睁开眼睛所见的东西其实没有任何不同,只是心境不一样了。房间里随意一件小小的摆设此时此刻看上去都有一种说不出的亲切,真正意识到自己属于这个地方,属于这个家,属于这个人。

  他微微笑了一下,闭目钻回去继续取暖。

  不知道是不是一夜之间有了冬眠的习性,他明明已经醒了,却动都懒得动。面前这个人的胸膛像一张温度调得刚刚好的棉被,把他密密实实地卷成一团,人这么躺在里面可以睡得非常舒服。

  ——如果,身上不是又酸又软的话。

  齐誩埋在沈雁胸膛前低低笑了一声。看来小说里面有些描写并不是杜撰出来的,还挺有凭有据。

  沈雁也没有改变。至少,表面上并没有。

  沈雁习惯在起来之前轻轻亲他一下,有时候是额头,有时候是眼睛,通常与情.欲无关。而今天,这个吻落在嘴唇上,结果让两个人起床的时间整整延长了一倍。

  沈雁和平时一样自己先起来,让他稍稍再睡一会儿,不过今天还洗了个澡。冬季早晨水管里上来的水不容易暖,这样可以把洗澡水先洗热了,再换他继续洗。

  沈雁照例为他准备早餐。虽然平时都是这么准备的,但是今天……早餐明显有些丰盛过头了。

  “简直像跟刚刚娶了媳妇似的”——齐誩险些开口用这句话去逗他,然而转念一想那个“媳妇”就是自己,脸颊一烫,轻轻咳嗽一声又不说话了。

  两个人的相处模式仍旧是小俩口过日子,只不过今天多了几分新婚的感觉。

  而且彼此坦白之后,对话比以前更轻松,更自然了。

  一起用餐的时候他们还惬意地慢慢聊着一些日常琐事,到了收拾完餐具,准备更衣出门的时候,沈雁却突然间不说话了。

  他静静替齐誩穿好外套,从衣领整理到衣扣,到底忍不住开口问:“……你,真的要去吗?”

  齐誩之前把多出来的早点统统装到一只小饭盒内,一边放进自己的挎包一边笑着抬头:“怎么了,还是担心吗?”

  沈雁既不承认也不否认。

  说“我不担心”这种话一听就没有可信度,不如不说。更何况站在自己面前的人是在新闻频道历练多年的齐誩。

  良久,他轻轻叹一口气,双手端起齐誩的脸,凑过去沉声叮嘱:“去吧。别挤公车,这个时候赶上上班时间,推来推去的不安全——记得打车过去。”

  齐誩始终淡淡笑着,最后在他唇角上啄了一下,权当答应。

  遵照沈雁的意思,齐誩叫了一辆计程车前往省人民医院,不过在距离医院还有大约一千米的地方他就让司机停下,打算自己走一段路。
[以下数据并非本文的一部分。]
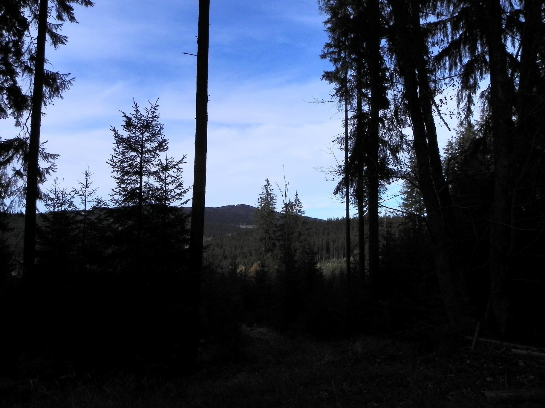 Průhled lesem na Pancíř z cesty do Žel. Rudy
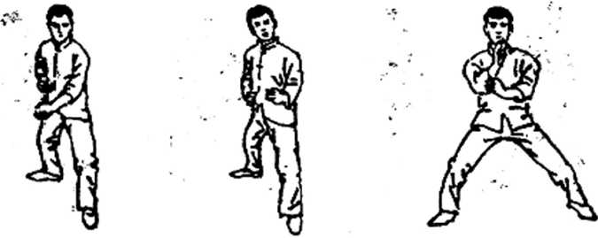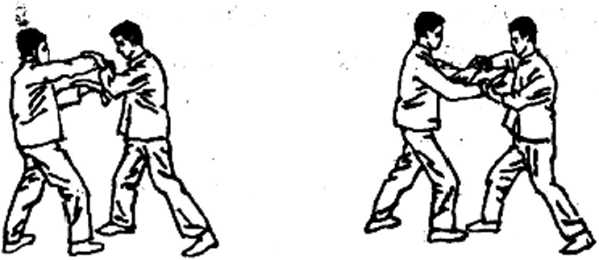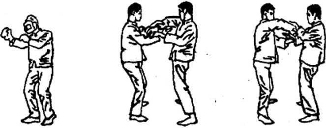两位练习者的两脚相互平行站立,如图108和图109所示。 双方的两手伸出直至双方两手的腕部互相接触在一起。各自的 71

  这么做并不是为了省车费,而是为了在面对今天的“采访”对象之前,给自己留下打一通电话的时间。

  齐誩的脚步放得很慢,沿着街道灰色的长墙一步一步前行,同时掏出手机,把那个许多年没有主动拨打过的号码慢慢输进去,在按下拨号键之前甚至停下来,仰起头,深深吸一口冬日早晨寒冷的空气。

  有冷空气作为铺垫,届时应该不至于被冻伤。

  这时,电话接通了,连线那头有一个惺惺忪忪没睡醒的声音传来。

  “喂?”

  语气和普通时候没有区别。

  大概是真的刚刚起床,连来电显示都没有看,所以口气才那么平常吧——齐誩有些自嘲地笑起来,却又笑不下去。

  “是我。”他平静地说。

  接电话的人果然愣了愣,一下子醒透了。语言中断了四、五秒钟,交流空白的时间长到连本人似乎都感到了尴尬,终于硬邦邦地掷下一句:“……你想怎么样?”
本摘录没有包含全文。